Force est de constater que le concept marche. En moins de cinq ans, la rue Rémusat de Toulouse est devenu le repère de Cyrille Cotelle. Il a pu y installer au total quatre boutiques estampillées "Comptoir du Rêve", proposant de la bande dessinée au comics en passant la romantasy. "Nous réinvestissons ce que nous gagnons pour grandir. Puis, nous sommes la première librairie qui a essayé TikTok, ce qui nous a apporté du monde", pose le gérant.
Une concurrence féroce
L'expansion fulgurante du Comptoir du Rêve est scrutée de près par les autres librairies indépendantes de Toulouse. Beaucoup s'accordent à dire que la concurrence féroce du Comptoir, comme ils l'appellent, n'est pas facile à vivre.

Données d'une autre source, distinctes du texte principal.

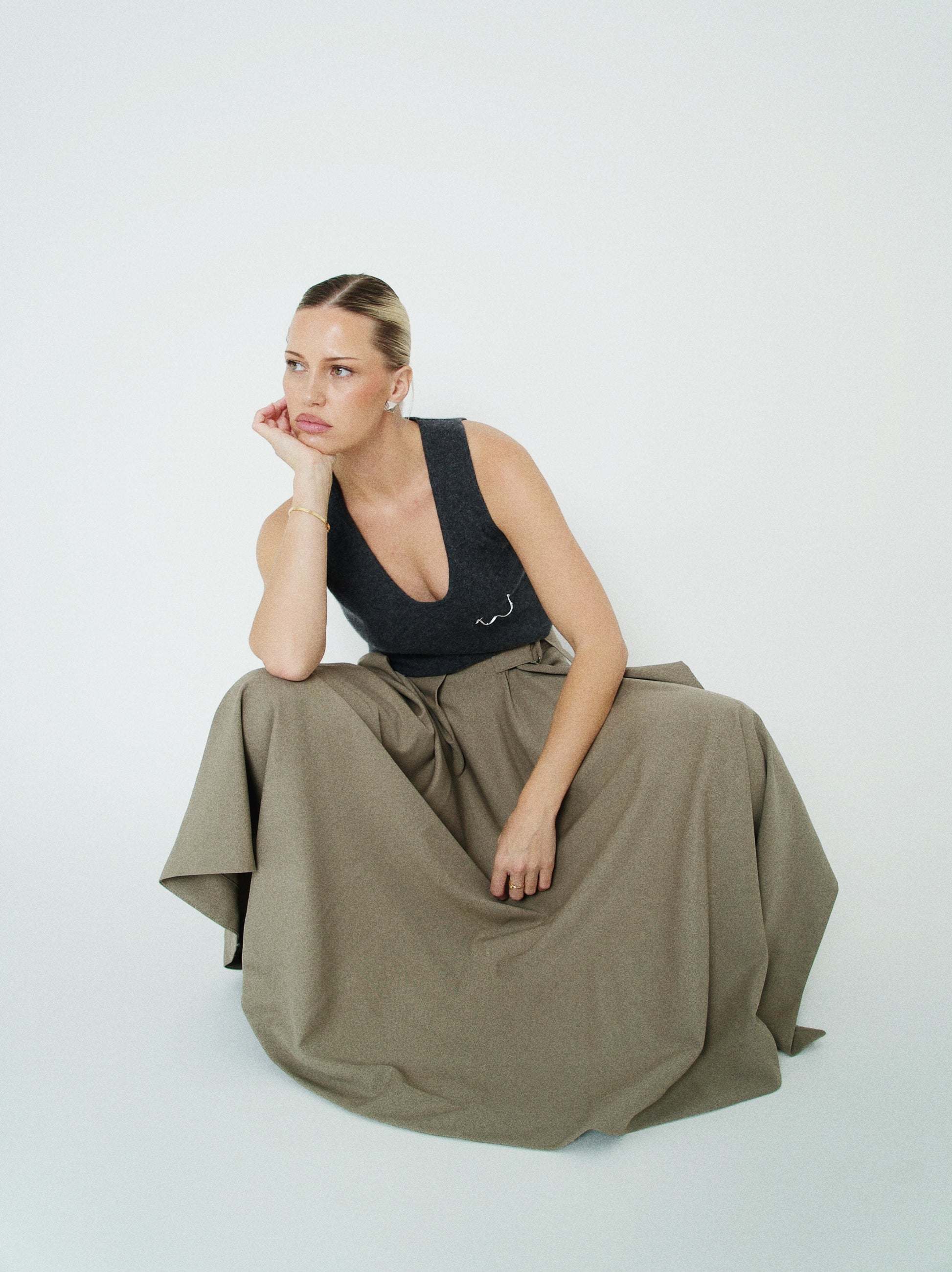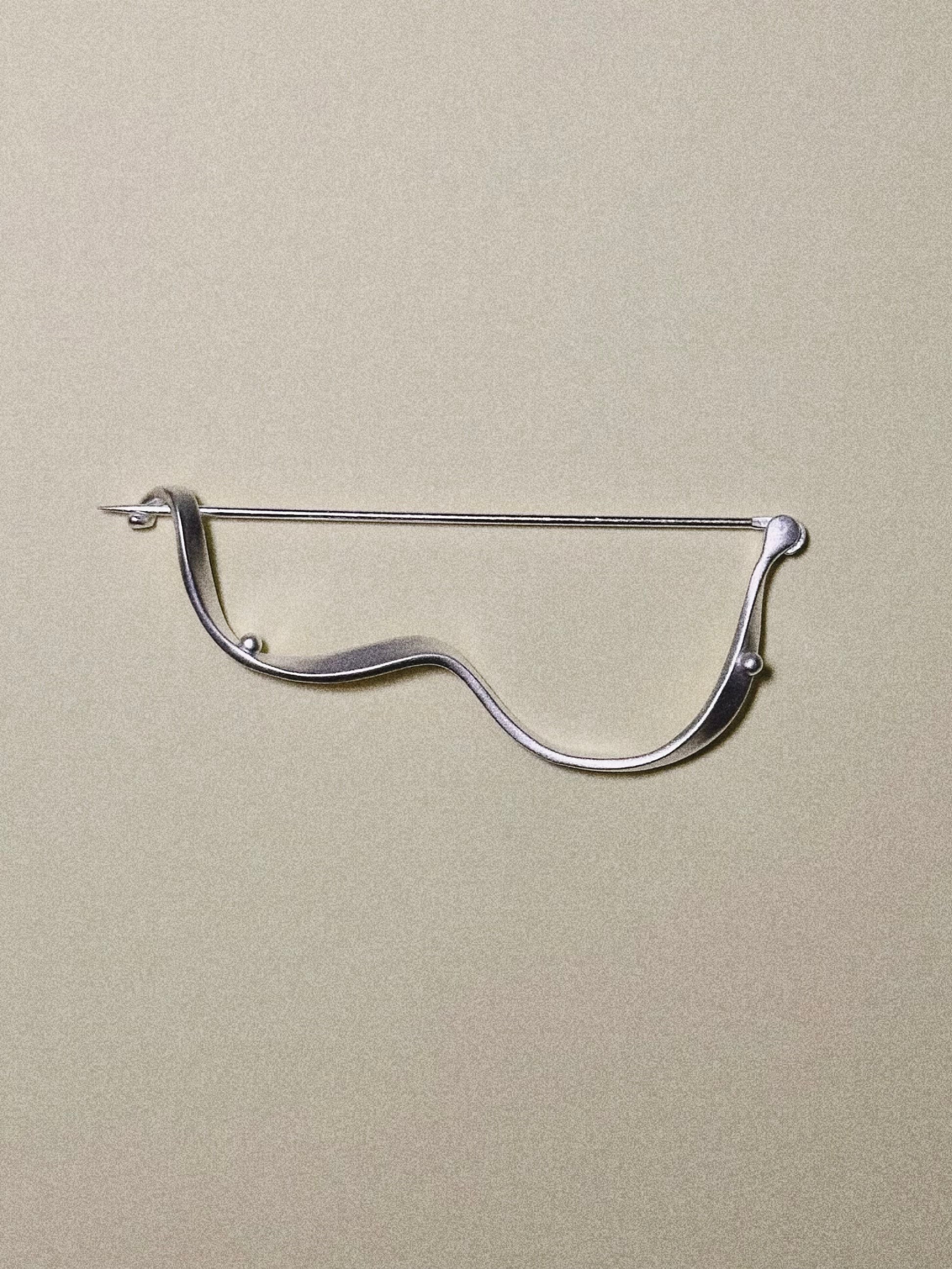 A sculptural brooch inspired by Alexandria Coe’s line drawings, crafted in brass with a rhodium-plated brushed silver finish. A limited-edition piece celebrating softness, strength, and the contours of the female form.

Mais le marché reste encore viable pour les différents acteurs. Crossover Mangas en est l'exemple. Lancée en 2021 et installée désormais 16 rue de Metz, l'enseigne réussi à attirer de nouveaux passionnés. Cogérant de la boutique, Benoit Mino assure connaître "une hausse du nombre de clients". Il évoque une "concurrence saine" avec le Comptoir du Rêve, "qui joue au Monopoly, mais n’a pas volé sa place de premier toulousain."
"Notre objectif est que la clientèle du Comptoir du Rêve passe ensuite chez nous", poursuit Benoît Mino. Un constat partagé par grand nombre de libraires qui acceptent la surpuissance des enseignes rue Rémusat et essayent de se différencier pour attirer de nouveaux clients et garder leurs fidèles. "Le Comptoir est hors catégorie, mais une partie du public apprécie davantage le côté intimiste de nos boutiques. Nous avons plus le temps de discuter, de conseiller", pose Sylvain, responsable manga d'un autre poids lourd du marché : Bédéciné.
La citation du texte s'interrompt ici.